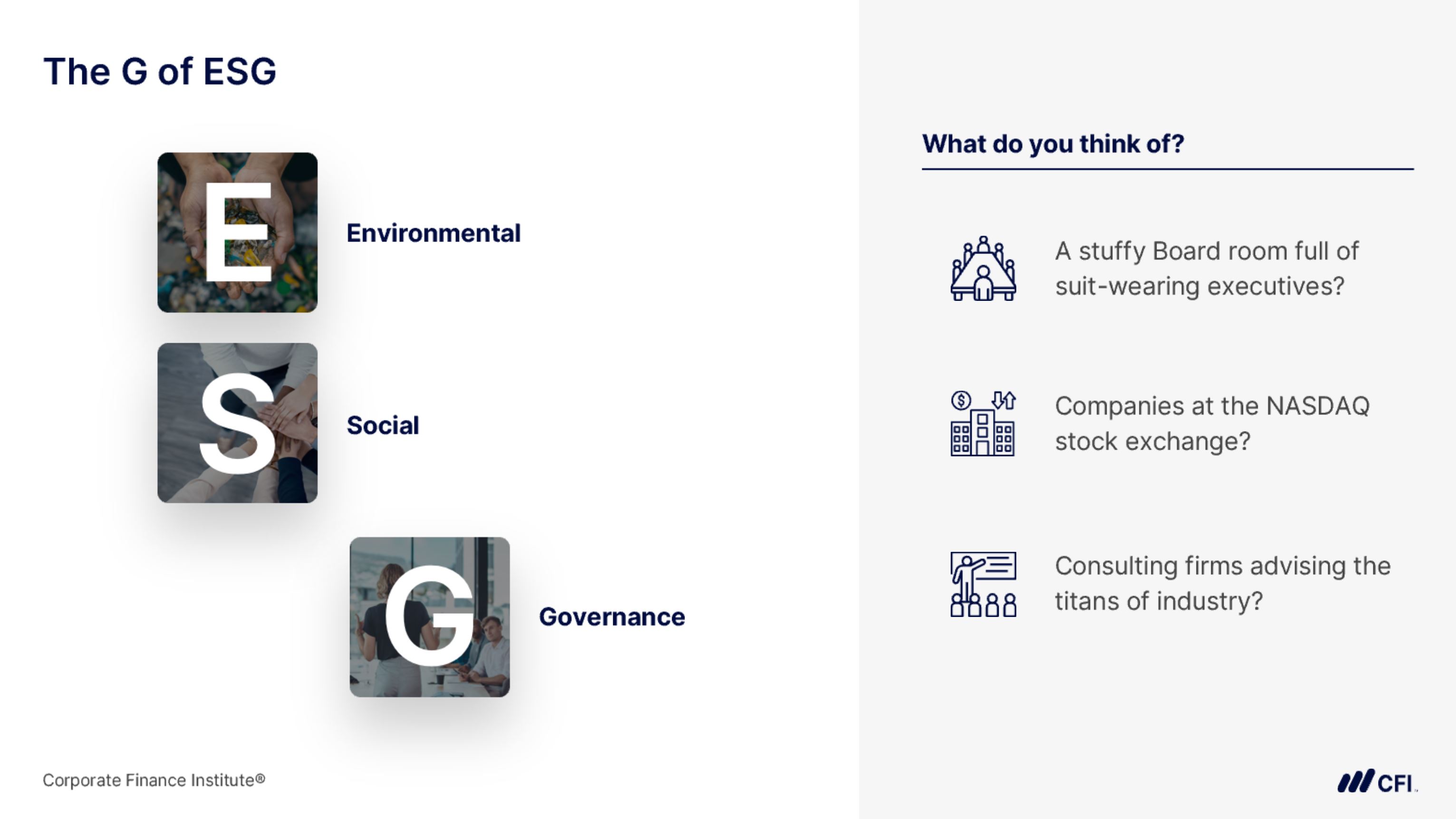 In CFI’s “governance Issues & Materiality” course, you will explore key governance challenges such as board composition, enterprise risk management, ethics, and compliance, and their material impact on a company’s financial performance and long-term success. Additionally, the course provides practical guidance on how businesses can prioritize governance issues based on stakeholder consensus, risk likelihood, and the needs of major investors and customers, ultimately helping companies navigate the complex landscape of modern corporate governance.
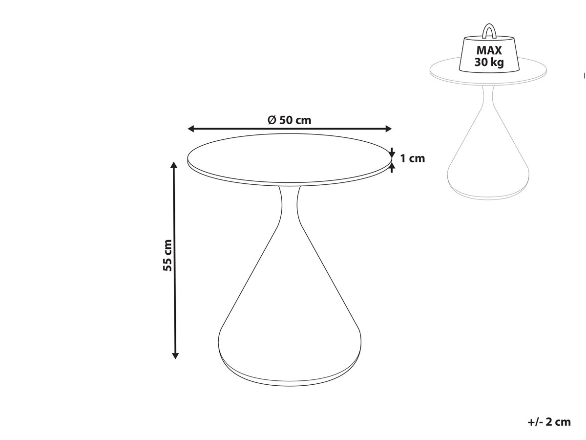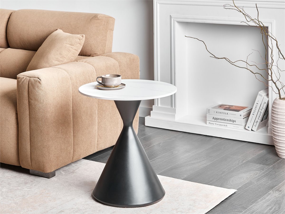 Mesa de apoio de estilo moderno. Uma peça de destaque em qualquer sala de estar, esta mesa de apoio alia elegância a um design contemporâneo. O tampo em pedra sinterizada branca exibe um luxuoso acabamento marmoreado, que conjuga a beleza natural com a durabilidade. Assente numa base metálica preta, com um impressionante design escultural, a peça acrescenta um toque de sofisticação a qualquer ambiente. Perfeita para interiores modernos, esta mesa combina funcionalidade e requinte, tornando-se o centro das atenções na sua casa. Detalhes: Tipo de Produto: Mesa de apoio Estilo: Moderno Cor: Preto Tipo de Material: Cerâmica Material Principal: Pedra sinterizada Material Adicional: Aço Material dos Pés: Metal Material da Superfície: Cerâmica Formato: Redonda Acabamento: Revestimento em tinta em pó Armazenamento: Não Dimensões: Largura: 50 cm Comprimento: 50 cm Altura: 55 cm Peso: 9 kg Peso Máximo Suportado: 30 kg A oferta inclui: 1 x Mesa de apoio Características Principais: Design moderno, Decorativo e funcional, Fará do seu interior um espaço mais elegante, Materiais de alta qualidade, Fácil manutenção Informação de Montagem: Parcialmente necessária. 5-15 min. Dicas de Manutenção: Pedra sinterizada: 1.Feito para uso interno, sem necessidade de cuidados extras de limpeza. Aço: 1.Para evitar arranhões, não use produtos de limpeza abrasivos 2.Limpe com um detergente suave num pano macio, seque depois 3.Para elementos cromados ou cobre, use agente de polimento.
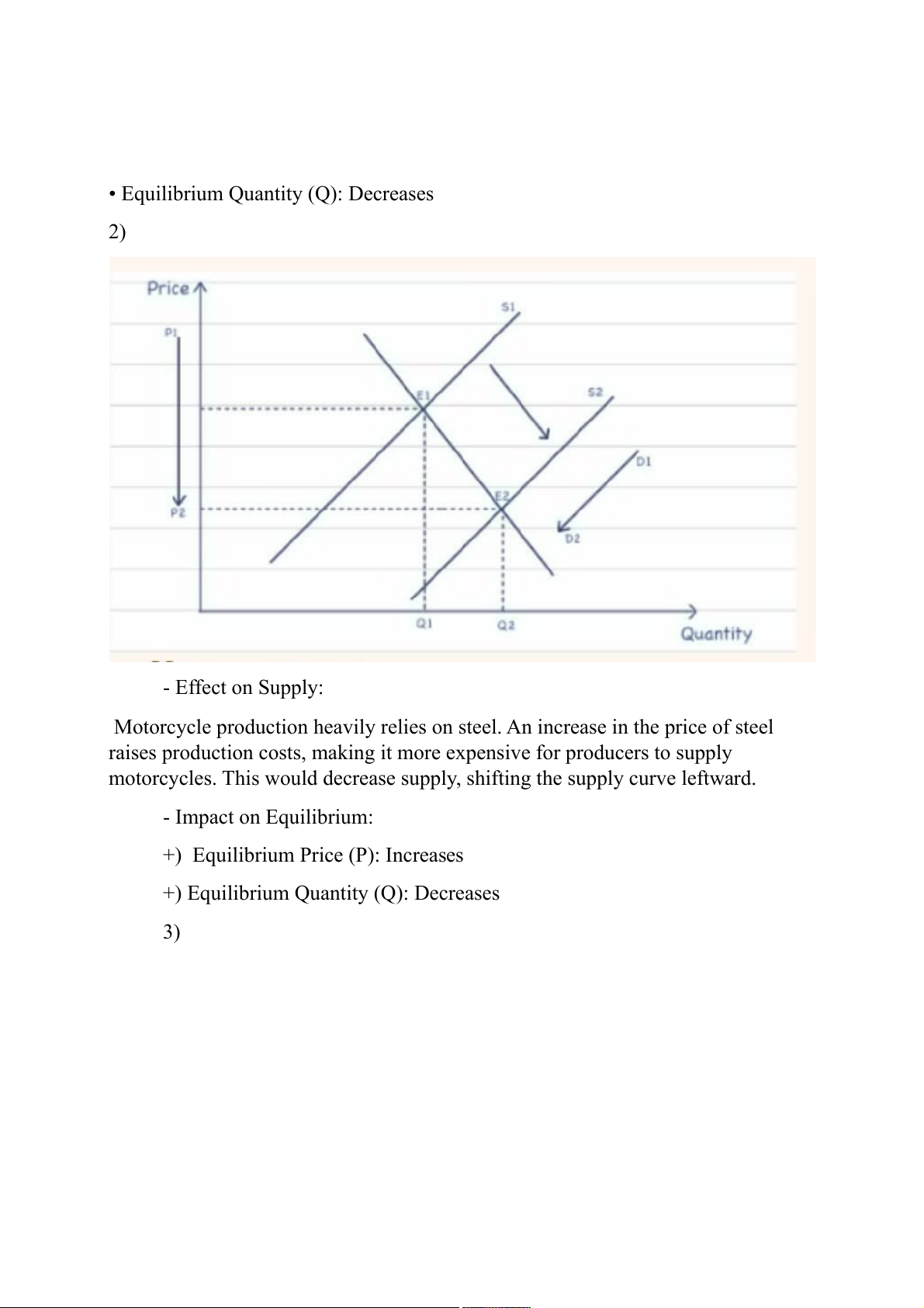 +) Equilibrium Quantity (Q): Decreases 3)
**********
= WHAT IS EXPECTED =
Drop the images and repeat the data exactly.

= SOLUTION =
 In CFI’s “governance Issues & Materiality” course, you will explore key governance challenges such as board composition, enterprise risk management, ethics, and compliance, and their material impact on a company’s financial performance and long-term success. Additionally, the course provides practical guidance on how businesses can prioritize governance issues based on stakeholder consensus, risk likelihood, and the needs of major investors and customers, ultimately helping companies navigate the complex landscape of modern corporate governance.
 Mesa de apoio de estilo moderno. Uma peça de destaque em qualquer sala de estar, esta mesa de apoio alia elegância a um design contemporâneo. O tampo em pedra sinterizada branca exibe um luxuoso acabamento marmoreado, que conjuga a beleza natural com a durabilidade. Assente numa base metálica preta, com um impressionante design escultural, a peça acrescenta um toque de sofisticação a qualquer ambiente. Perfeita para interiores modernos, esta mesa combina funcionalidade e requinte, tornando-se o centro das atenções na sua casa. Detalhes: Tipo de Produto: Mesa de apoio Estilo: Moderno Cor: Preto Tipo de Material: Cerâmica Material Principal: Pedra sinterizada Material Adicional: Aço Material dos Pés: Metal Material da Superfície: Cerâmica Formato: Redonda Acabamento: Revestimento em tinta em pó Armazenamento: Não Dimensões: Largura: 50 cm Comprimento: 50 cm Altura: 55 cm Peso: 9 kg Peso Máximo Suportado: 30 kg A oferta inclui: 1 x Mesa de apoio Características Principais: Design moderno, Decorativo e funcional, Fará do seu interior um espaço mais elegante, Materiais de alta qualidade, Fácil manutenção Informação de Montagem: Parcialmente necessária. 5-15 min. Dicas de Manutenção: Pedra sinterizada: 1.Feito para uso interno, sem necessidade de cuidados extras de limpeza. Aço: 1.Para evitar arranhões, não use produtos de limpeza abrasivos 2.Limpe com um detergente suave num pano macio, seque depois 3.Para elementos cromados ou cobre, use agente de polimento.
 +) Equilibrium Quantity (Q): Decreases 3)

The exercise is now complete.